Adding complexity is the fact that our company already had more than 800 employees and 3,500 customers. And to top it all off, I became CEO amid a global pandemic.

But I get by with a little help — not from my friends, but from my employees.

On my first day as CEO, during an all-staff meeting, I encouraged every single employee to send me an email to introduce themselves and share their advice for what they would do if they were in my shoes. I received hundreds of responses, which are helping me chart a course for our company that is informed by the experiences and advice of employees. 

As a CEO, I believe it’s critical to seek leadership advice from employees, and I highly recommend other leaders follow suit. Here’s why.

3 Reasons CEOs Should Ask Employees for Leadership Advice

  1. CEOs don't have all the answers.
  2. CEOs should be leaders, not managers.
  3. CEOs should set goals collaboratively.


CEO’s Don’t Have All the Answers

Although I have leadership experience, I’ve never believed I have all the answers. Rather, I’m a proponent of the “wisdom of crowds,” the notion James Surowiecki popularized in his book aptly named The Wisdom of Crowds.

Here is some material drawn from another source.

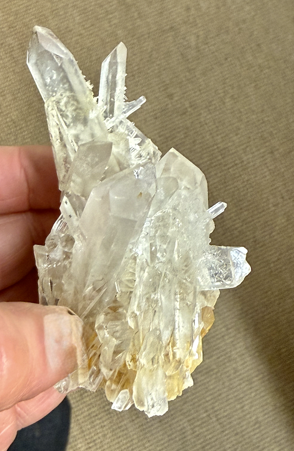 Quartz habitus dauphiné, flottant et un peu chlorité [80mm] Le Borgeaud, Martigny-Combe Cristallier : Roger May -
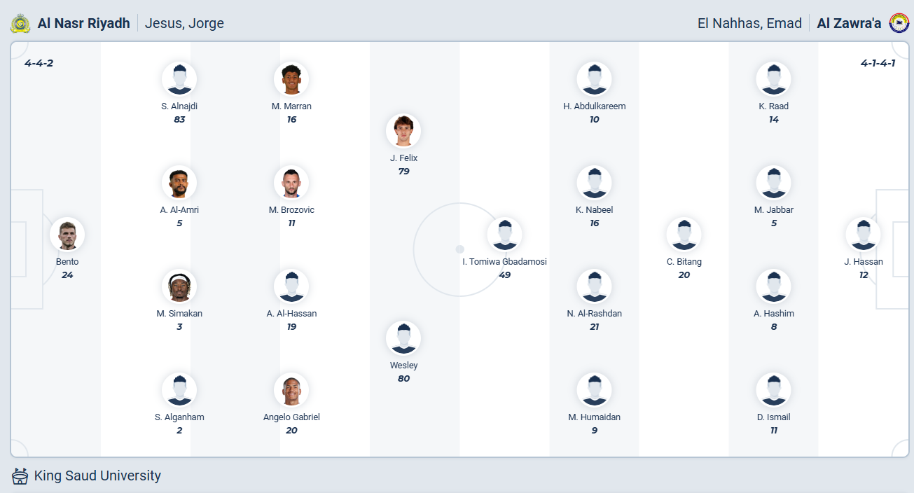 Đội hình dự kiến Al Nassr vs Al Zawraa:

The idea is that large groups of people can be collectively smarter and better than individual experts at problem-solving and decision-making under the right circumstances.

As the new CEO, I knew I was joining a company whose employees have much more experience with, and expertise about, who we are than I do. They know our business inside and out, and they’re passionate about growing it. That’s why I followed up directly with the employees who emailed me, scheduling one-on-one meetings so we could discuss their ideas for how we can continue to build the best company possible. 

In these meetings, we talked about everything from product roadmap; to diversity, equity, and inclusion; to career frameworks and compensation — no topic was off limits.  

None of us operate in a bubble, so tapping into the collective wisdom of the people you work with can greatly benefit your company as well as your leadership abilities.


CEOs Should Be Leaders, Not Managers

My leadership style is rooted in the optimistic belief that in moving a company forward, point B is an inherently better place than point A. Getting there requires pressing for change, pushing the company to be better every single day. That’s the role of a CEO, and it’s the reason why CEOs must be leaders, not managers.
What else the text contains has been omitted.